As long as care is taken how you do eliminate the changing times.

Idaho returns to daylight savings time soon, on March 10, so the recent move in the Idaho Legislature to take the state off the daylight savings schedule had timeliness going for it. That measure, House Bill 85, was defeated in the Idaho House overwhelmingly, 55 to 15. The debate against the bill (which evidently drew a lot of legislative support) centered on the idea that daylight savings time allows more time for summer recreational activities; baseball games seemed to be a major point of concern.

I’m skeptical that the change would have much effect on baseball. Its enthusiasts are often too invested to give up that easily, and schedule and lighting changes ought to be enough to solve most timing problems. I never much bought the original argument, either, that the change in daylight hours to savings time helps with farming in the spring planting season. As the bill sponsor said, reasonably, “We don’t change how many hours of daylight there are, we don’t change how many hours you have to enjoy it, we’re just adjusting the clock.” So adjust your wake-up time if you need to.

Idaho may not be looking to make day savings changes this year, but the issue isn’t dead everywhere. In Oregon, one state senator is calling her proposal “ditch the switch” (a cute slogan with some appeal to it) but would - in contrast to Idaho - keep Oregon on Daylight Savings Time year-round rather than eliminate it. (This proposal would go to Oregon voters as a ballot issue if the legislature approves it, which seems less than likely.) That would put Oregon in an unusual category of DST-only jurisdictions: Argentina, Belarus, Iceland, Kyrgyzstan, Malaysia, Morocco, Namibia, Singapore, Turkey, Turkmenistan and Uzbekistan plus the Canadian province of Saskatchewan.

Adjustments like these do carry a few issues with them. And those have to do with the idea that individual states probably are not wise to go entirely freelance on setting their clocks.

The world is highly variable on DST; much of the planet doesn’t observe the clock change. (I sometimes listen to a radio station in Australia, where - in this sector at least - time changes not just once but twice each spring and fall.) The pattern is not checkerboard, however. Nearly all of Europe uses DST, as do Syria, Jordan and Israel. The bulk of North America does as well, though not all.

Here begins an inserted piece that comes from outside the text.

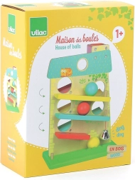 Dřevěný kaskádový domeček VILAC nadchne malé děti svou zábavnou jízdou míčků a líbivým designem. Nabízí 3 rampy na obou stranách, po kterých se dřevěné míčky kutálejí shora dolů a při dojezdu do cíle zazvoní kovový zvoneček. Hračka v pastelových barvách rozvíjí zručnost i logické myšlení a poskytne hodiny radostné hry.
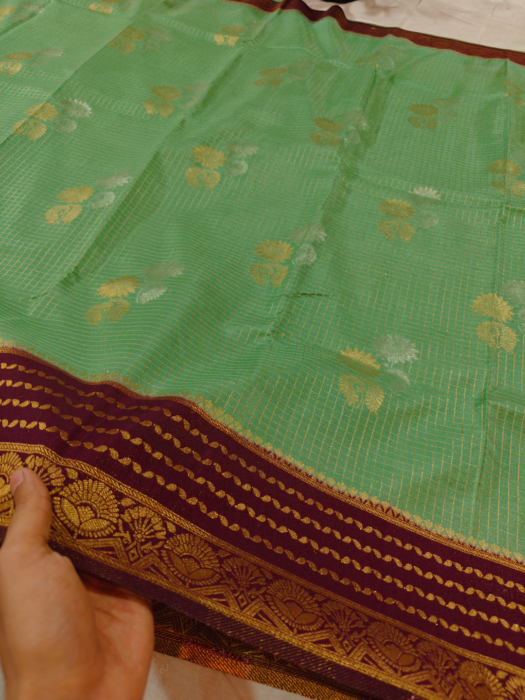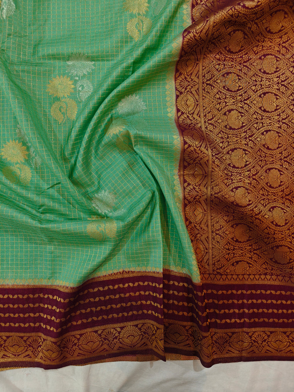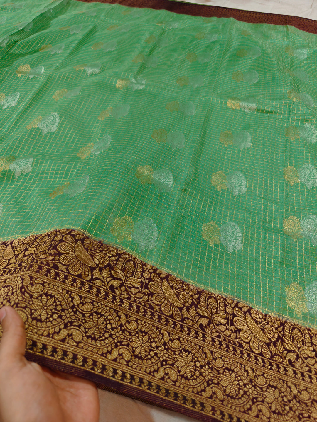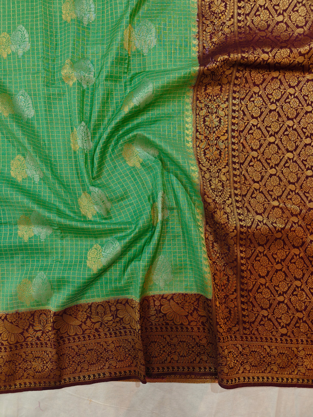 PISTA GREEN CREPE GEORGETTE CHECKS WITH GARNET BORDER

The reason such large regions tend to clump together on their use or disuse of DST seems to be that keeping track of what your neighbors are doing can be complicated. The whole system of standardized clock time started, after all, because train systems had trouble making their departure/arrival systems work properly if local jurisdictions all did their own thing on timekeeping. If Oregon switches to permanent DST, how do Idahoans - who at present know they’re one hour ahead in the south, and the same time as Oregon in the north - relate to that? (And what about that little jagged piece of Malheur County in Oregon that’s on Mountain time? Those Ontario people could be stuck on a temporal island.) If Idaho moved to standard time only, how would Washingtonians or Utahns keep track?

Oh, sure, they’d all probably get used to it. But it’s one more complicating factor.

The reason most of these changes probably won’t pass is this: If you aren’t careful with how you manage things like this, the world can get a lot more complicated. And not too many people want that.